I know this sound because of an old curmudgeon with a big heart who used to hang out in Austin Gardens. Jack Levering. I struck up a conversation one day — or he struck one up with me — and then a friendship. Another fluke.
He told me about the creatures who created the sound. They passed overhead every March, heading north, right around his birthday — March 9, his birthday gift. This year, I'm told, they came through on March 6. It depends on weather conditions. Warm thermals help them attain the necessary altitude — higher than crows or gulls or even hawks. Way higher. So high you hear them before you see them.
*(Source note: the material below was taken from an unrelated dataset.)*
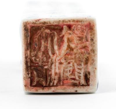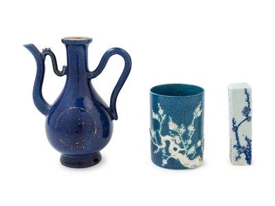comprising one wine pot, one powder blue brush pot, and one blue and white seal.

Sandhill cranes make a lot of noise when they fly over, hundreds at a time, in vast V's. It was cold down on the ground, so it must have been really cold up there, but there they were, directly overhead, wave after wave, each V led by a single crane, the others in tight, if fluid, formation. Oak Park is located on one of their flyways, but you have to be in the right place at the right time. A fortunate fluke.
They were all business, their long necks stretched taut, taking full advantage of vast wing spans. And they were really moving. They could have made it to southern Illinois by nightfall.
When we think of birds flying south, we think of geese or robins. But Canada geese have been wintering here for decades, creating an unholy mess near every patch of grass they graze. And on this frigid late-November day, I found dozens of robins bob-bob-bobbin' along in Scoville Park. They, too, seem to be finding enough forage to last through the winter.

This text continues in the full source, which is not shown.